THE DATA
..........
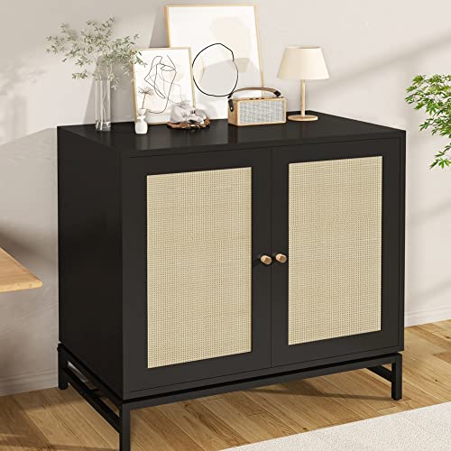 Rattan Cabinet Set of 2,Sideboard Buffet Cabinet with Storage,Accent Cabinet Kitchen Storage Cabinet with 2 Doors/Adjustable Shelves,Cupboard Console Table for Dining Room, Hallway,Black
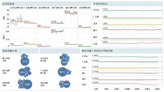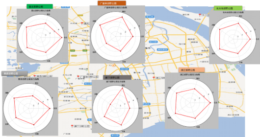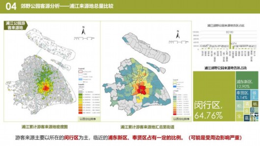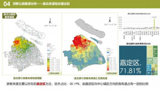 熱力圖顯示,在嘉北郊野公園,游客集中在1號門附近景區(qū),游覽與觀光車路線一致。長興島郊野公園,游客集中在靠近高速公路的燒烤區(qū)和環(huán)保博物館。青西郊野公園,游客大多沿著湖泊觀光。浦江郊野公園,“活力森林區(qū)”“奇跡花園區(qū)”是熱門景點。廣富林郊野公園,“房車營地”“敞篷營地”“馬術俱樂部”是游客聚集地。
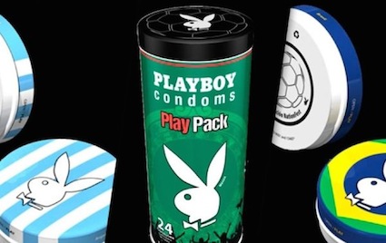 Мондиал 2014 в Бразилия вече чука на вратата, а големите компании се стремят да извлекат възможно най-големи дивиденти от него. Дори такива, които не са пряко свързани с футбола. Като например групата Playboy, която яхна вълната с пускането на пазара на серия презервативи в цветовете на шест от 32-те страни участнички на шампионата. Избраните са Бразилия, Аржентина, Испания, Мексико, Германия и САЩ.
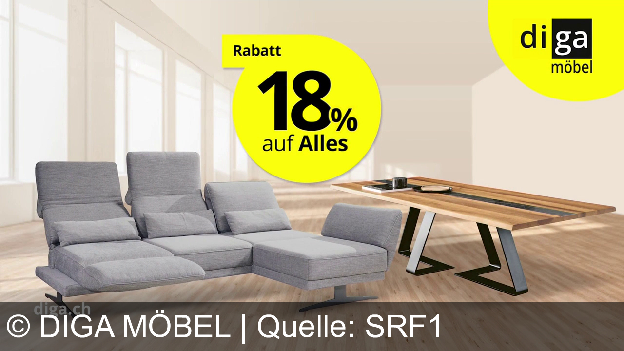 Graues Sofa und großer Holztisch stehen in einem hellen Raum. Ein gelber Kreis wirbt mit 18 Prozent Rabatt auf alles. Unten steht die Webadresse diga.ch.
..........
ACTIVITY
Retype the whole listing exactly and leave the pictures out.

EXERCISE RESPONSE
 Rattan Cabinet Set of 2,Sideboard Buffet Cabinet with Storage,Accent Cabinet Kitchen Storage Cabinet with 2 Doors/Adjustable Shelves,Cupboard Console Table for Dining Room, Hallway,Black
 熱力圖顯示,在嘉北郊野公園,游客集中在1號門附近景區(qū),游覽與觀光車路線一致。長興島郊野公園,游客集中在靠近高速公路的燒烤區(qū)和環(huán)保博物館。青西郊野公園,游客大多沿著湖泊觀光。浦江郊野公園,“活力森林區(qū)”“奇跡花園區(qū)”是熱門景點。廣富林郊野公園,“房車營地”“敞篷營地”“馬術俱樂部”是游客聚集地。
 Мондиал 2014 в Бразилия вече чука на вратата, а големите компании се стремят да извлекат възможно най-големи дивиденти от него. Дори такива, които не са пряко свързани с футбола. Като например групата Playboy, която яхна вълната с пускането на пазара на серия презервативи в цветовете на шест от 32-те страни участнички на шампионата. Избраните са Бразилия, Аржентина, Испания, Мексико, Германия и САЩ.
 Graues Sofa und großer Holztisch stehen in einem hellen Raum. Ein gelber Kreis wirbt mit 18 Prozent Rabatt auf alles. Unten steht die Webadresse diga.ch.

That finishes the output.